O prefeito também respondeu por gastos resultantes de convênios com o Tribunal de Justiça e a Procuradoria Geral de Justiça, dos quais não deu comprovação.

O advogado Johnson Abrantes chegou a pedir que o julgamento fosse adiado, a fim de que a Corte pudesse examinar documentos que, segundo ele, confirmam a regularidade dessas despesas.

Mas teve o pedido denegado depois que o relator do processo Oscar Mamede Santiago Melo informou sobre dois adiamentos anteriores concedidos conforme apelo da defesa. Cabe recurso da decisão do TCE.

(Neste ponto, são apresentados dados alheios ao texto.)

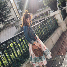 绵羊er 秋装高端气质长款度假飘逸雪纺印花连衣裙仙女裙VM54067
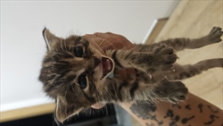 Info centar - detalji pronađene životinje Vrsta Mačka Spol N Boja dvobojna Dlaka kratka Datum prijave 20.8.2025. Područje Planina Donja Identifikator 70608 Opis Ostavljen na cesti u vreči. Starost 2 tjedna,bolestan. Podijeli na Facebooku Galerija slika natrag
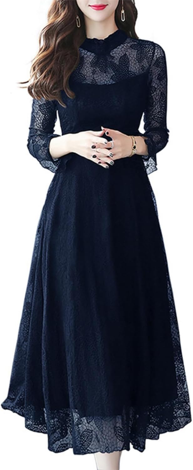 贅沢に使用された紅葉レースが、上品な揺れ感が歩く姿を美しく彩るマキシ丈ワンピースです。落ち感があり美しいフレアワンピース。マキシ丈なので、足首の細い部分のみ見せることが出来るので、脚全体が細くみえ、首元はプチ立ち襟&フリルの縁付きで可愛さをアップし、小顔効果も期待できます。長袖は総レースになっていて気になる二の腕をカバーでき、着痩せ効果バツグンのワンピースです。
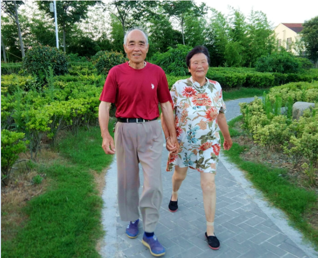 故事的主人公名叫施學兵,今年77歲。妻子叫吳炳如,小他兩歲,他們住在射陽縣淮海農場振興小區一間簡陋的房子里。每天傍晚他倆都要來公園里兜圈,并牽手走上六七公里路程,然后再到公園內的器材上拉伸鍛煉,舒展下筋骨,這對恩愛夫妻成為淮海公園內的一道美麗風景。

O Departamento Estadual de Trânsito teve as contas de 2006 aprovadas com ressalvas atinentes a falhas na contratação de assessoria jurídica, recebimento de recursos do Funesbom não previstos em convênio e não escrituração do prédio onde funciona, em João Pessoa.

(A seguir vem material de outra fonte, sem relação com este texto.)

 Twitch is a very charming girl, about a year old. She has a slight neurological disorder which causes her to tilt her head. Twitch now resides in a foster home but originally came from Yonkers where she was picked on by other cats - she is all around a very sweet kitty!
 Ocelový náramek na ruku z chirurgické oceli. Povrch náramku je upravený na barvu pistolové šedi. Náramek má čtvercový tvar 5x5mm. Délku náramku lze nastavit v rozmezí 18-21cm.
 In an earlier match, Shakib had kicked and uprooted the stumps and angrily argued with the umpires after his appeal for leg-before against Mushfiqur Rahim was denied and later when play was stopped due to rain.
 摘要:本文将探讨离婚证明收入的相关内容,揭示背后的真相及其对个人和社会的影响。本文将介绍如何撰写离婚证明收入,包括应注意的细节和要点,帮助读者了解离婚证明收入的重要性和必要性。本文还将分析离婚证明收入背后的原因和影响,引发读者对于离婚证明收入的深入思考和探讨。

A ausência do conselheiro Fernando Catão (em período de férias) motivou o adiamento dos exames das contas de 2006 da prefeita de Guarabira Maria de Fátima Paulo (que pedira para vista), do Fundo de Apoio ao Desenvolvimento da Paraíba (exercício de 2005) e do Banco do Estado da Paraíba – Crédito Imobiliário S/A (2008).

Satisfação

A escolha, pelo governador José Maranhão, do nome do auditor Umberto Porto para conselheiro do TCE, na vaga aberta com a aposentadoria de Marcos Ubiratan, foi recebida com satisfação por todos os participantes da sessão plenária desta quarta-feira (6).

O decano Flávio Sátiro – que informou sobre a publicação do ato no Diário Oficial do Estado – enalteceu a ascensão de um auditor ao cargo de conselheiro e aplaudiu a escolha por entender que Umberto Porto reúne as qualidades necessárias ao bom desempenho de sua nova missão.

Também assim se expressaram os auditores Antonio Cláudio Silva Santos, Oscar Mamede Santiago Melo, Renato Sérgio Santiago Melo e Antonio Gomes Vieira, concorrentes à vaga.

A opinião unânime quanto ao acerto da escolha também foi comungada pelo presidente Nominando Diniz, pela procuradora geral do TCE Ana Teresa Nóbrega e pelo advogado Johnson Abrantes, em nome da OAB.

Pesar
No início da mesma sessão, o TCE aprovou, por unanimidade, voto de pesar proposto pelo conselheiro Flávio Sátiro em razão da morte de d. Creusa Pires. “Ela foi um exemplo de cidadania e perseverança. Tinha o espírito concentrado na superação e na vitória”, comentou ele.

O conselheiro Arnóbio Viana cumprimentou o amigo Flávio Sátiro pela iniciativa do voto de pesar, no que foi acompanhado pelo também conselheiro Fábio Nogueira, pela procuradora Ana Teresa Nóbrega e pelo advogado Johnson Abrantes.